### [Work to be completed]
The entries that follow should come back exactly, with no pictures among them.

[Records from a data source]
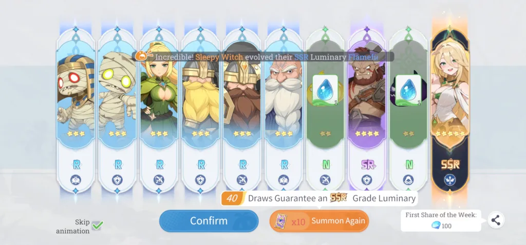 The last category is everything related to character improvement which consists of summoning, leveling, gearing, and whatever helps them to power up. All the resources you gather, you’ll want to spend them on getting stronger. It’s sort of a vicious cycle that never ends. Collect enough materials to get stronger to do one additional stage and then wait till you can get more.
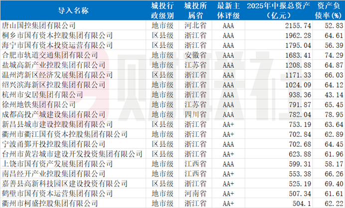 58家首次发行债券的城投中有50家披露了2025年中报数据,截至2025年半年度末,这些城投的平均总资产规模约510亿元,最大2155亿元。在资产规模居前的主体中,不乏一些知名城投平台,如唐山国控集团有限公司、桐乡市国有资本控股集团有限公司、海宁市国有资本投资运营有限公司、合肥市轨道交通集团有限公司等。
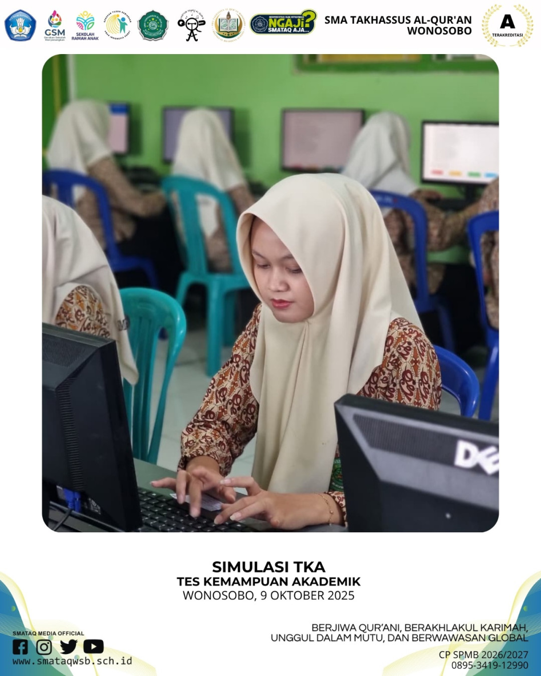 SMA Takhassus Al-Qur’an Wonosobo melaksanakan kegiatan Simulasi Tes Kemampuan Akademik (TKA) pada Rabu, 9 Oktober 2025. Kegiatan ini diikuti oleh seluruh peserta didik kelas XII sebagai bagian dari persiapan menghadapi asesmen akademik yang sesungguhnya.
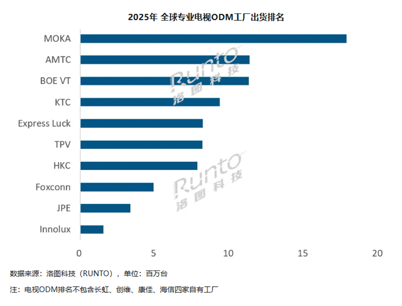 在代工廠格局方面,2025年出現(xiàn)明顯分化。釘科技注意到,擁有面板資源的企業(yè)占據(jù)了明顯優(yōu)勢。茂佳(MOKA)2025年出貨量約為1790萬臺(tái),同比2024年增長6.9%,領(lǐng)先優(yōu)勢高達(dá)約600萬臺(tái),連續(xù)第三年奪得總量冠軍,展現(xiàn)其規(guī)模與交付能力的穩(wěn)定性。而BOE VT(京東方視訊)則以高達(dá)37.5%的顯著增速成為年度“增長冠軍”,顯示其在客戶拓展與產(chǎn)能釋放上的強(qiáng)勁動(dòng)力。
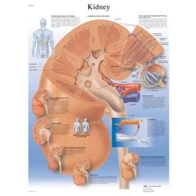3B Scientific Human Anatomy Kidney Chart, Laminated Version
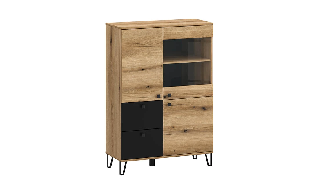 Вітрина низька 2д1в2ш Вейл дуб евок/чорний
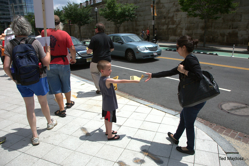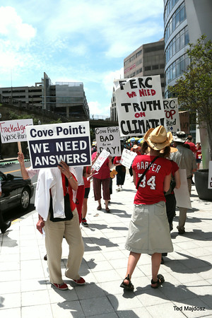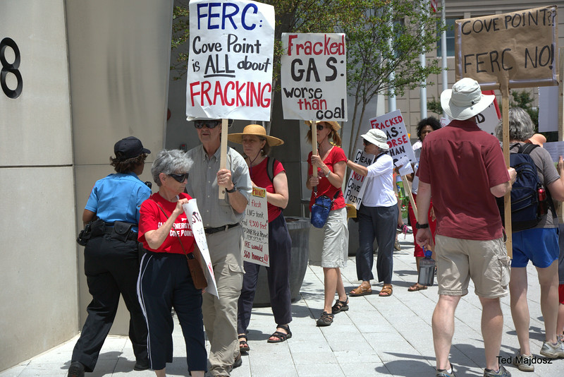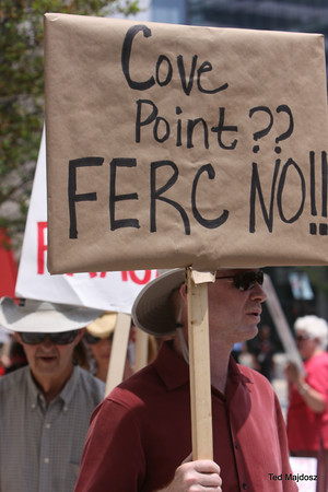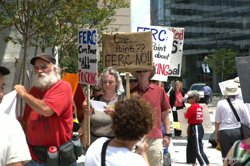 Protestors chanted, “Hey, FERC, yes you can, stop this dirty fracked gas plan!” and carried signs which said, “The FERC Rubberstamp Hurts Communities” and “Cove Point is All About Fracking!” They came from areas which would be affected by the approval of the conversion of Cove Point LNG into an export terminal. On Tuesday, Calvert County, Maryland residents picketed and expressed fears about their safety living in close proximity to the energy intensive and volatile process of supercooling methane gas. On Wednesday, people from Frederick County registered their anger with FERC over approving a highly polluting compressor station in Myersville which would help transport gas to Cove Point.
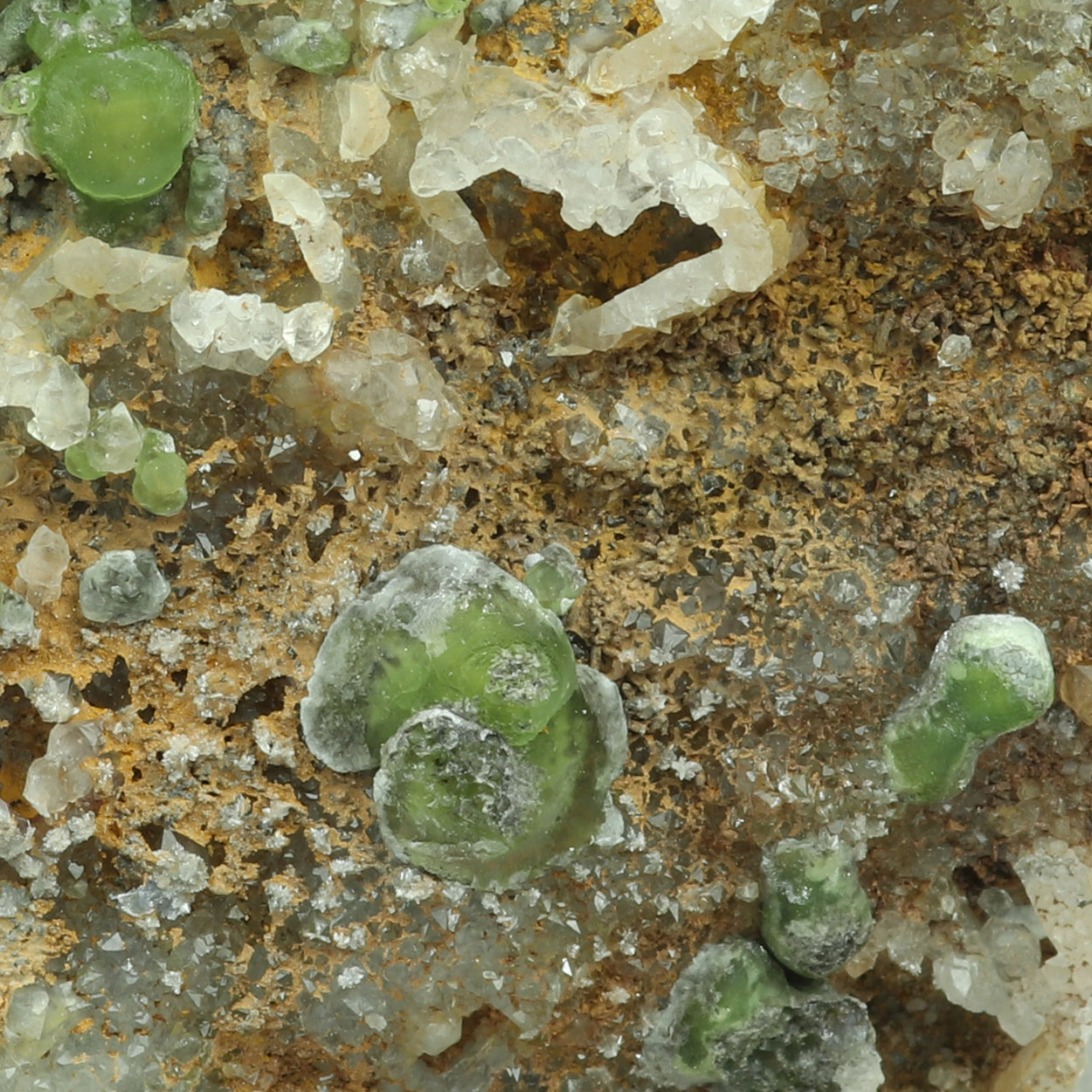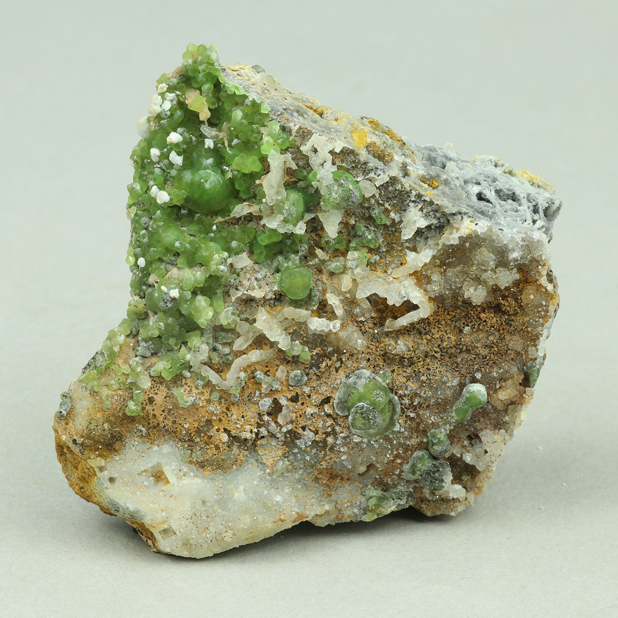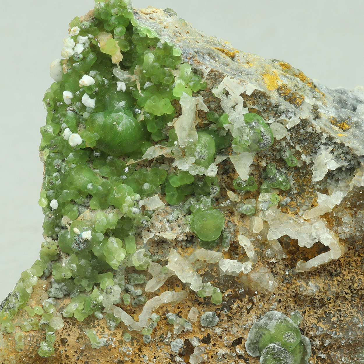 Gemmy and lustrous crystals of green, cuprian smithsonite on matrix. An excellent smithsonite specimen from Lavrion.

### [Exercise output]
 The last category is everything related to character improvement which consists of summoning, leveling, gearing, and whatever helps them to power up. All the resources you gather, you’ll want to spend them on getting stronger. It’s sort of a vicious cycle that never ends. Collect enough materials to get stronger to do one additional stage and then wait till you can get more.
 58家首次发行债券的城投中有50家披露了2025年中报数据,截至2025年半年度末,这些城投的平均总资产规模约510亿元,最大2155亿元。在资产规模居前的主体中,不乏一些知名城投平台,如唐山国控集团有限公司、桐乡市国有资本控股集团有限公司、海宁市国有资本投资运营有限公司、合肥市轨道交通集团有限公司等。
 SMA Takhassus Al-Qur’an Wonosobo melaksanakan kegiatan Simulasi Tes Kemampuan Akademik (TKA) pada Rabu, 9 Oktober 2025. Kegiatan ini diikuti oleh seluruh peserta didik kelas XII sebagai bagian dari persiapan menghadapi asesmen akademik yang sesungguhnya.
 在代工廠格局方面,2025年出現(xiàn)明顯分化。釘科技注意到,擁有面板資源的企業(yè)占據(jù)了明顯優(yōu)勢。茂佳(MOKA)2025年出貨量約為1790萬臺(tái),同比2024年增長6.9%,領(lǐng)先優(yōu)勢高達(dá)約600萬臺(tái),連續(xù)第三年奪得總量冠軍,展現(xiàn)其規(guī)模與交付能力的穩(wěn)定性。而BOE VT(京東方視訊)則以高達(dá)37.5%的顯著增速成為年度“增長冠軍”,顯示其在客戶拓展與產(chǎn)能釋放上的強(qiáng)勁動(dòng)力。
3B Scientific Human Anatomy Kidney Chart, Laminated Version
 Вітрина низька 2д1в2ш Вейл дуб евок/чорний
 Protestors chanted, “Hey, FERC, yes you can, stop this dirty fracked gas plan!” and carried signs which said, “The FERC Rubberstamp Hurts Communities” and “Cove Point is All About Fracking!” They came from areas which would be affected by the approval of the conversion of Cove Point LNG into an export terminal. On Tuesday, Calvert County, Maryland residents picketed and expressed fears about their safety living in close proximity to the energy intensive and volatile process of supercooling methane gas. On Wednesday, people from Frederick County registered their anger with FERC over approving a highly polluting compressor station in Myersville which would help transport gas to Cove Point.
 Gemmy and lustrous crystals of green, cuprian smithsonite on matrix. An excellent smithsonite specimen from Lavrion.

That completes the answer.